Profiling and automated-decision rights are becoming standard
Connecticut’s new profiling rights — the ability to question, understand, review, correct, and force reevaluation of an automated decision — reflect a broader move toward giving consumers a process for contesting algorithmic outcomes, not just a disclosure that an algorithm was used.
What This Means If You Don’t Live in CT, AR, or UT
Compliance is rarely state-by-state in practice. Building one privacy system for Connecticut residents and a different, weaker one for everyone else is more engineering and legal overhead than most companies want to carry, so a lot of businesses just apply the strictest applicable standard to their entire user base. That’s why a law passed in one state regularly ends up shaping what every user of a national app or service actually experiences.
It also means these three laws are a reasonable preview of what’s coming elsewhere. A right that shows up in Connecticut’s amendments this year has a decent chance of showing up in a different state’s legislature next year, dropped into a new bill with the same structure and slightly different wording.
Practical steps you can take right now, regardless of your state
You don’t need to wait for your own state to pass something equivalent. Many of these rights are things you can simply ask for, and many companies will honor the request nationally because it’s simpler than checking your ZIP code first.
- Request a copy of your personal data. Most companies with any privacy program have a data access request process, even if your state doesn’t legally require them to honor it for you specifically.
- Ask for the list of third parties your data has been sold to. Connecticut’s new right is a useful template — even companies not legally bound by SB 1295 may have this information readily available if you ask.
- Opt out of automated profiling where you can. Look for settings related to “personalization,” “automated decision-making,” or “profiling” in account privacy settings, and turn them off if the choice is offered.
- Correct inaccurate data when you find it.
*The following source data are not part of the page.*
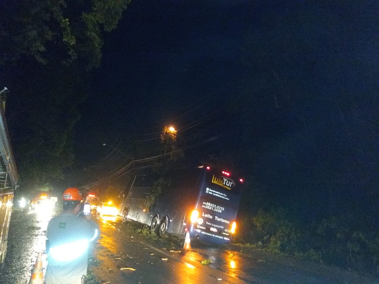 O acúmulo de chuva na região nas últimas 72h ultrapassou os 100 mm causando o risco de queda de barreiras no trecho. A preocupação foi confirmada no começo da manhã com escorregamento de terra nos KMs 73 e 79.
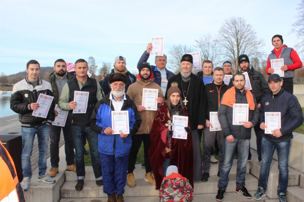 И на језеру је прота Драган освештао воду помоливши се за присутни народ а потом се шеснаест пливача појавило на старту, предвођени амбасадором Србије г. Небојшом Родићем. После интонирања химне „Боже правде“, прота је дао знак за почетак пливања,(“ЗА КРСТ ЧАСНИ,КРЕНИ!“).
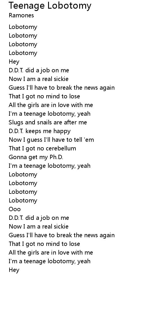I'm a teenage lobotomy, yeah |
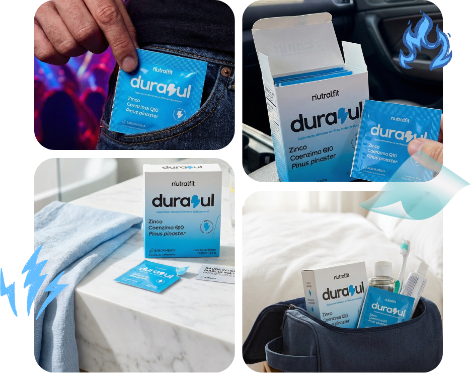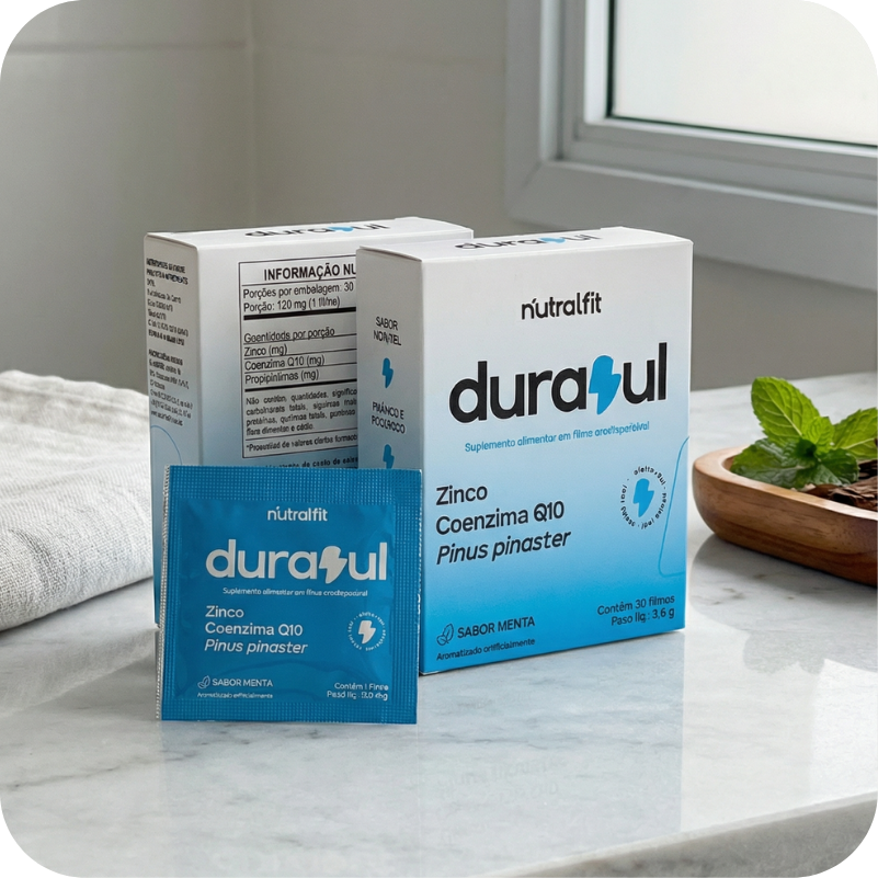 Durazul é um suplemento masculino em formato de fita adesiva para a língua, desenvolvido para apoiar a libido, o desempenho sexual e a ereção de forma prática e eficaz.

If a company’s profile of you is wrong — old address, wrong purchase history, mismatched preferences — ask for a correction rather than assuming it doesn’t matter.
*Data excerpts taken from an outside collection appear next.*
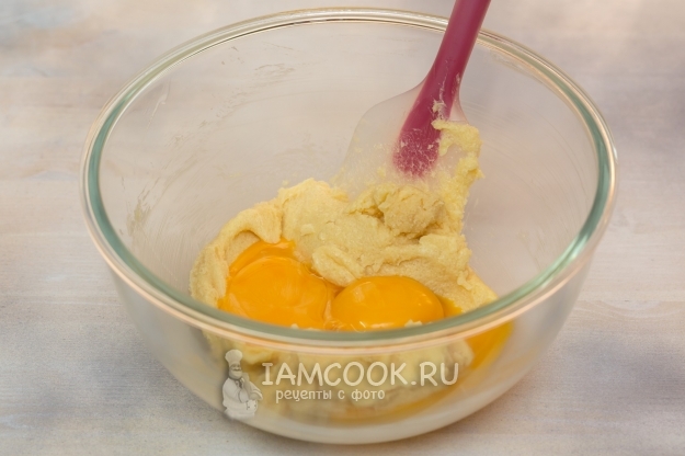 Добавить желтки. Белки отложить, они понадобятся для начинки.
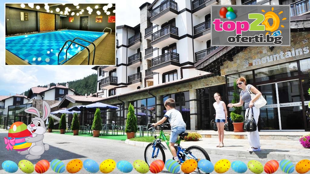 Хотел 3 Планини, Разлог, е луксозен хотел, изграден в характерен алпийски архитектурен стил, съчетан с традиционни и национални елементи. Комплексът предлага настаняване в луксозни студия и едноспални апартаменти. Всички стаи са обзаведени с телевизор с кабелна телевизия, мини бар, а някои от апартаментите разполагат и душ кабина. Всички стаи имат южно изложение и собствен балкон с прекрасен изглед към върховете на Пирин и Родопите. На гостите на хотела са на разположение още: билярд, тенис на маса, мини бар, колела под наем, процедури, лимфен дренаж. Организиране на музикална програма, планински преходи, рафтинг, конна езда и уроци по конен спорт.
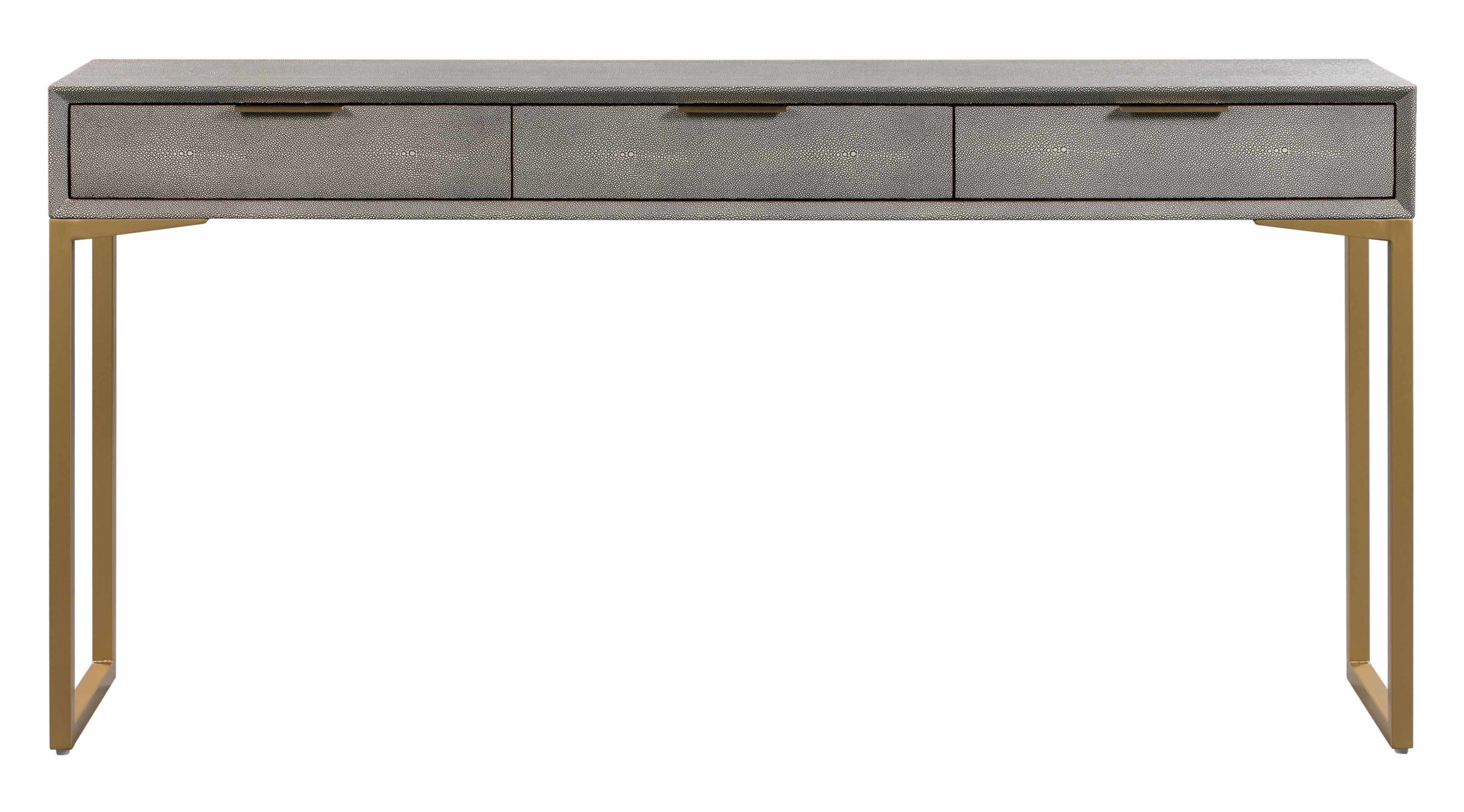 Attention to detail is perfectly displayed with the Debonair Console table. Everything from its textured shagreen finish, dramatic brass legs and handles, to the dovetail drawers finished in cherry wood come together beautifully to provide elegance and contemporary style to your space.
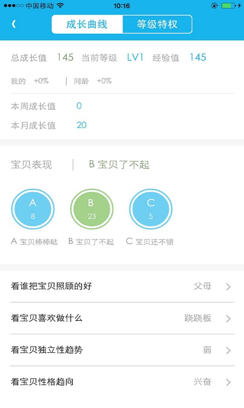 2、娱乐化、生活化、指导化的功能,记录、分析宝贝成长;
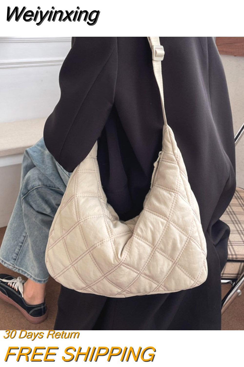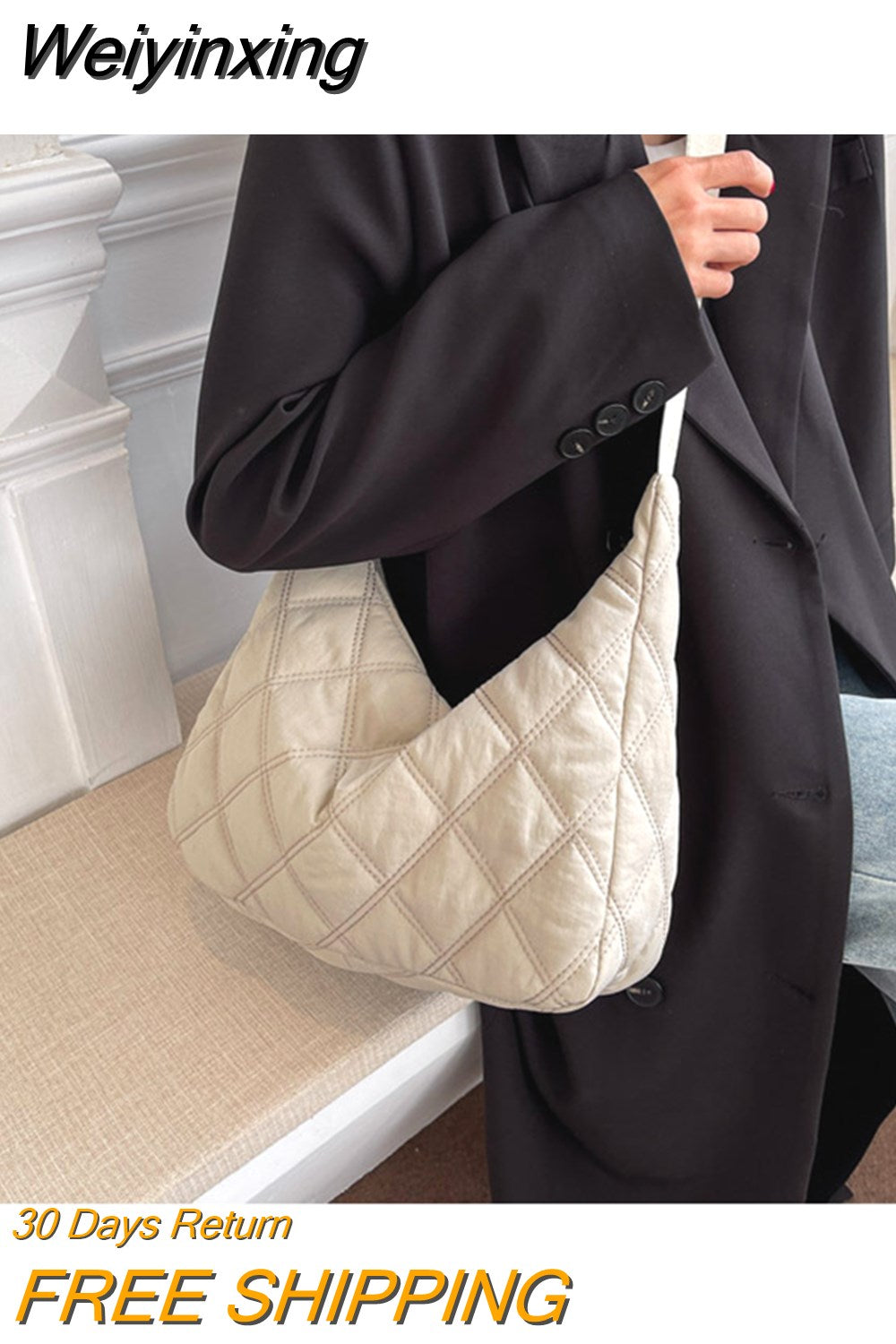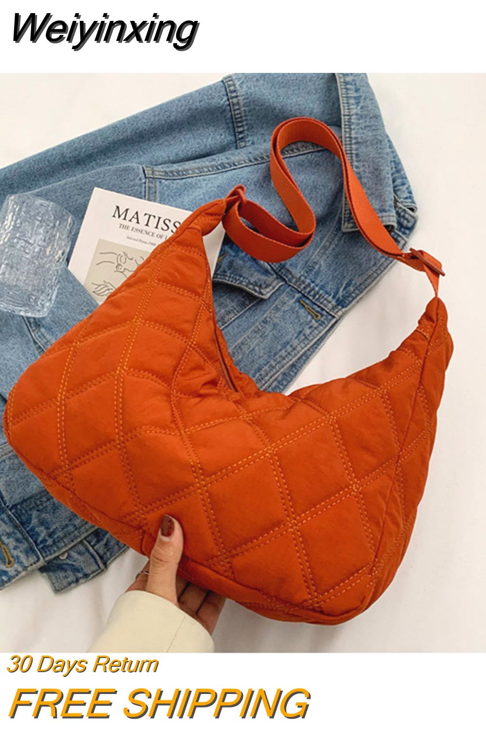Weiyinxing Women Nylon Cloth Shoulder Bag Simple Plaid Ladies Quilting Crossbody Bag Fashion Messenger Bags Purse for Female Tote Handbags

- Check whether the service applies privacy protections by state or universally. A company that says “these rights are available to all users” rather than “available only to residents of X” is signaling it chose the simpler, more protective path.
Where Storage Choices Fit Into This
None of these three laws are about cloud storage specifically, but the underlying concern is the same one that should shape where you keep your own photos, documents, and personal files: who can access this data, what gets done with it, and can you get a straight answer when you ask.
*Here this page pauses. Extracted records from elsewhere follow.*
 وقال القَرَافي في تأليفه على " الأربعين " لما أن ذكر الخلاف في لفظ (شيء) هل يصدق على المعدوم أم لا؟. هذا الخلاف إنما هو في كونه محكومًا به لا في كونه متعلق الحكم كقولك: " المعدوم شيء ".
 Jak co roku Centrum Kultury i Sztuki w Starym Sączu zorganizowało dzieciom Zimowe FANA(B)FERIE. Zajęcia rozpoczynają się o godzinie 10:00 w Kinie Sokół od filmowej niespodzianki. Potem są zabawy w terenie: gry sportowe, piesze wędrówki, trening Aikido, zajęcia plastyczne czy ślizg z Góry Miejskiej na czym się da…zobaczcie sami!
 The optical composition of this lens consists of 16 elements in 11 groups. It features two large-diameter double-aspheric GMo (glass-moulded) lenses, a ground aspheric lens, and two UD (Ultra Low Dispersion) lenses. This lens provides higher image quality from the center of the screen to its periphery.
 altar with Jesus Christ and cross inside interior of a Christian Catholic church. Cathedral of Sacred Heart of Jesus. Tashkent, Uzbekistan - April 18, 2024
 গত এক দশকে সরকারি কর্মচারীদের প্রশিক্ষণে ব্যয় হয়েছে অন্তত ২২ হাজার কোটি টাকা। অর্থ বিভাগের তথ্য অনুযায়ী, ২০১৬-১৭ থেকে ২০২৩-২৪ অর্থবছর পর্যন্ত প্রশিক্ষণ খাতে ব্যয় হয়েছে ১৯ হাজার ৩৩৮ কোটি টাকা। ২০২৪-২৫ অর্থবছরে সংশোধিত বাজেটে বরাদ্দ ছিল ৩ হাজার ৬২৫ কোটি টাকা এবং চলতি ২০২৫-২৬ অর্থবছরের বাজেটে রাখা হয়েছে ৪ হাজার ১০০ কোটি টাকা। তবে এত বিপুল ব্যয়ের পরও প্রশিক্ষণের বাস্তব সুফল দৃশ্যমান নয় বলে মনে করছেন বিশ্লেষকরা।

daftei doesn’t sell personal data, doesn’t train third-party AI models on what you store, and doesn’t run ads — so there’s no third-party sale list to request, because the list is empty by design. Everything is encrypted with TLS 1.3 in transit and AES-256 at rest, and daftei is built to be GDPR and CCPA compliant as a baseline, not a state-by-state patchwork. If you delete your account, you get a 30-day grace window to change your mind, after which deletion is permanent and irreversible — no quiet retention, no exceptions.
The Bigger Picture
Connecticut, Arkansas, and Utah didn’t coordinate these laws, but July 1, 2026 makes them land together, and that’s a useful nudge to look at your own data rights rather than waiting for your state to catch up. The trend across roughly 20 states with comprehensive privacy law is consistently in one direction: more categories of data protected, more rights to question and correct what’s collected, and less tolerance for collection practices that used to be standard.
You can act on most of this today, in any state, by simply asking the companies you already use for what these new laws now guarantee elsewhere. The rights spreading state to state are, in practice, available to anyone willing to ask for them first.